EXERCISE AIM
Give back the data exactly, with no images.

DATA
####

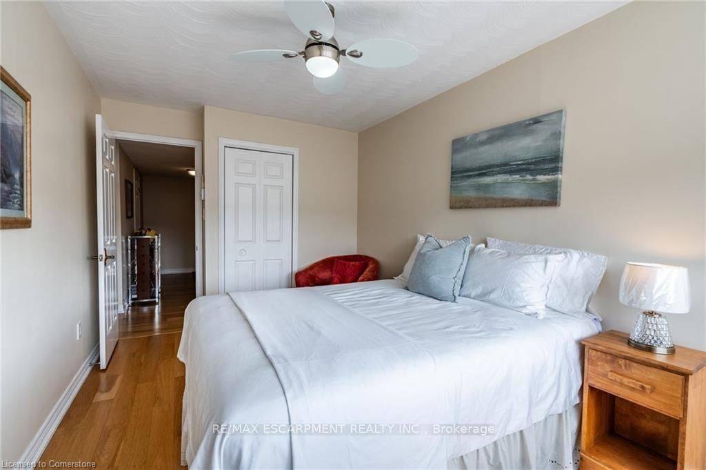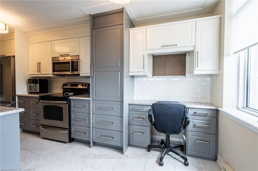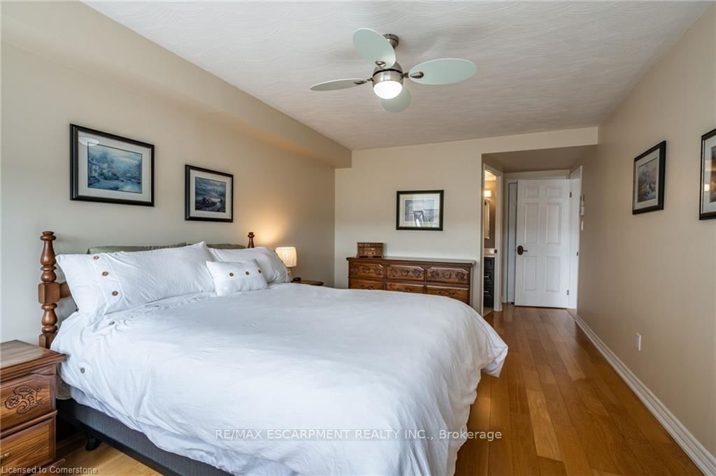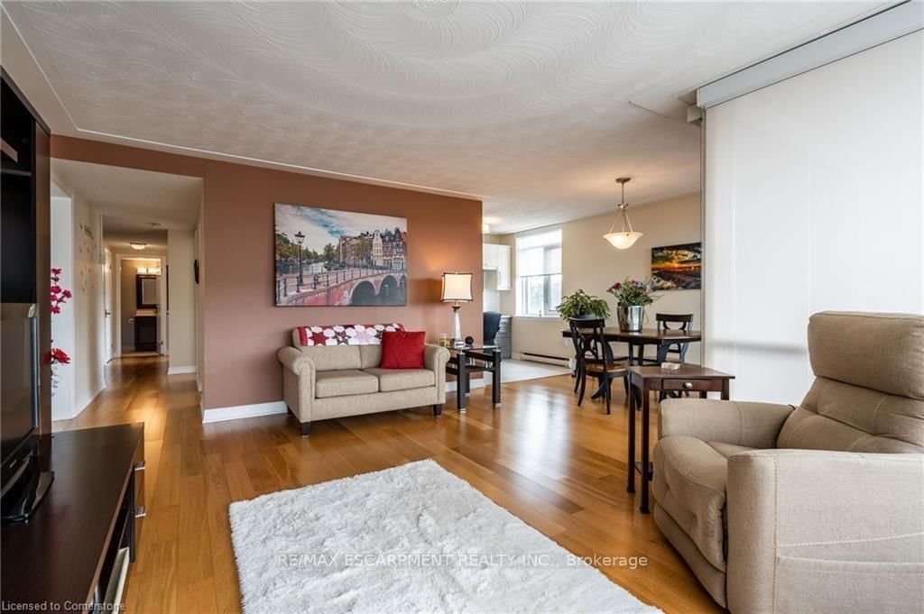 We've got the view! Welcome to Harris Towers! This rarely offered 3 bed, 2 full bath CORNER unit offers 1245sq ft of bright, airy living with stunning Escarpment views from every room and private South facing balcony. The 1 Storey/Apt on 402-40 Harrisford Street has 3 bedrooms, 2 bathrooms, and is located in the community of Red Hill . Large principal rooms, an open-concept living/dining area, stunningly renovated kitchen (2016), and hardwood flooring throughout. Carpet free! The oversized primary bedroom features a gorgeous 3 piece ensuite, complete with beautiful glass and tile shower plus a walk-in closet. Two generous sized bedrooms, a pretty 4 pc bath, in-Suite laundry and PLENTY of closet space complete this home. Located in a quiet, well-maintained building brimming with top-tier amenities such as an indoor saltwater pool, sauna, fitness rm, library, party rm, billiards rm, workshop, car wash (with vacuum!) and pickleball courts. Nestled among mature trees and greenspace with easy access to the Red Hill Valley Parkway, trails, schools, shopping, and transit. Easily hop onto the Red Hill Valley Pkwy, QEW & Hwy 403. Includes one underground parking space & Large locker.
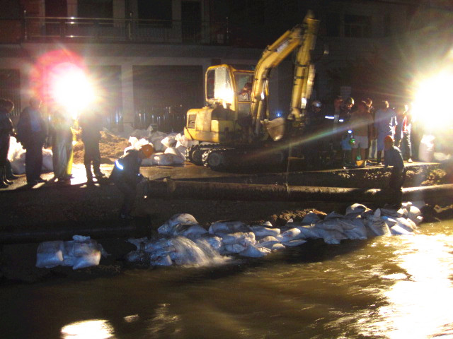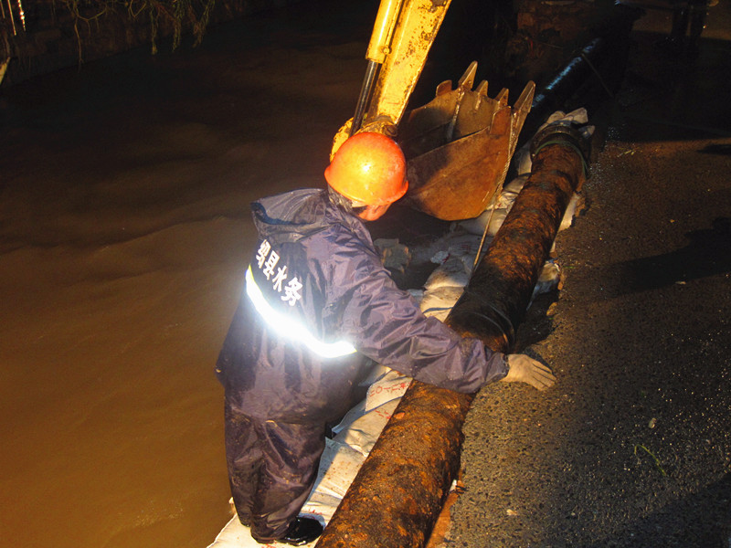 災(zāi)情就是命令!集團(tuán)接到縣防指命令后,立即啟動大口徑管道應(yīng)急搶修預(yù)案。根據(jù)受災(zāi)情況,集團(tuán)迅速派出由20多名人員組成的專業(yè)搶修隊(duì)伍,隨帶各種專業(yè)搶修工具,冒著大雨趕赴受災(zāi)點(diǎn),并于下午16時進(jìn)入現(xiàn)場開始搶修。經(jīng)過8個小時的持續(xù)作戰(zhàn),搶修隊(duì)克服重重困難,終于搶通供水管道。然而,凌晨3點(diǎn)多,敖紅了雙眼的搶修人員卻再次接到任務(wù),立即趕赴王壇鎮(zhèn)幫助王壇鎮(zhèn)水廠解決因停電造成管網(wǎng)無法輸水的問題,于凌晨5點(diǎn)恢復(fù)供水。
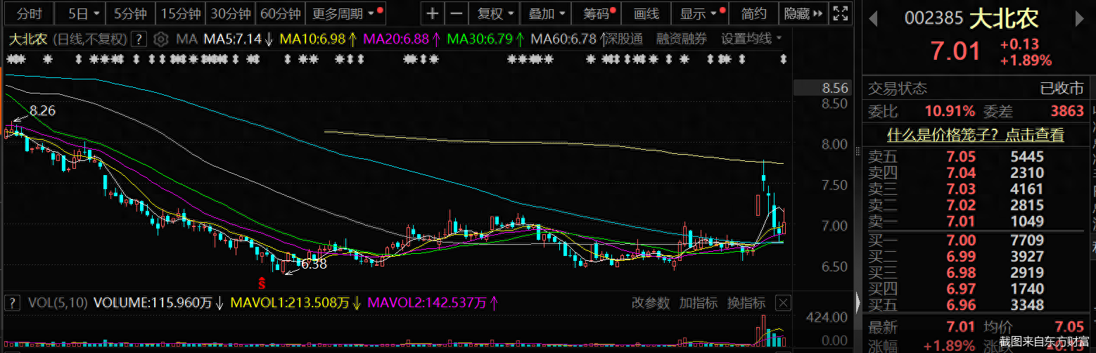 据了解,大北农产业布局涵盖饲料科技、养猪科技、作物科技、疫苗动保科技等多个领域,截至10月25日收盘,公司股价报7.01元/股,总市值为290.1亿元。

####

SOLUTION TO THIS PROBLEM
 We've got the view! Welcome to Harris Towers! This rarely offered 3 bed, 2 full bath CORNER unit offers 1245sq ft of bright, airy living with stunning Escarpment views from every room and private South facing balcony. The 1 Storey/Apt on 402-40 Harrisford Street has 3 bedrooms, 2 bathrooms, and is located in the community of Red Hill . Large principal rooms, an open-concept living/dining area, stunningly renovated kitchen (2016), and hardwood flooring throughout. Carpet free! The oversized primary bedroom features a gorgeous 3 piece ensuite, complete with beautiful glass and tile shower plus a walk-in closet. Two generous sized bedrooms, a pretty 4 pc bath, in-Suite laundry and PLENTY of closet space complete this home. Located in a quiet, well-maintained building brimming with top-tier amenities such as an indoor saltwater pool, sauna, fitness rm, library, party rm, billiards rm, workshop, car wash (with vacuum!) and pickleball courts. Nestled among mature trees and greenspace with easy access to the Red Hill Valley Parkway, trails, schools, shopping, and transit. Easily hop onto the Red Hill Valley Pkwy, QEW & Hwy 403. Includes one underground parking space & Large locker.
 災(zāi)情就是命令!集團(tuán)接到縣防指命令后,立即啟動大口徑管道應(yīng)急搶修預(yù)案。根據(jù)受災(zāi)情況,集團(tuán)迅速派出由20多名人員組成的專業(yè)搶修隊(duì)伍,隨帶各種專業(yè)搶修工具,冒著大雨趕赴受災(zāi)點(diǎn),并于下午16時進(jìn)入現(xiàn)場開始搶修。經(jīng)過8個小時的持續(xù)作戰(zhàn),搶修隊(duì)克服重重困難,終于搶通供水管道。然而,凌晨3點(diǎn)多,敖紅了雙眼的搶修人員卻再次接到任務(wù),立即趕赴王壇鎮(zhèn)幫助王壇鎮(zhèn)水廠解決因停電造成管網(wǎng)無法輸水的問題,于凌晨5點(diǎn)恢復(fù)供水。
 据了解,大北农产业布局涵盖饲料科技、养猪科技、作物科技、疫苗动保科技等多个领域,截至10月25日收盘,公司股价报7.01元/股,总市值为290.1亿元。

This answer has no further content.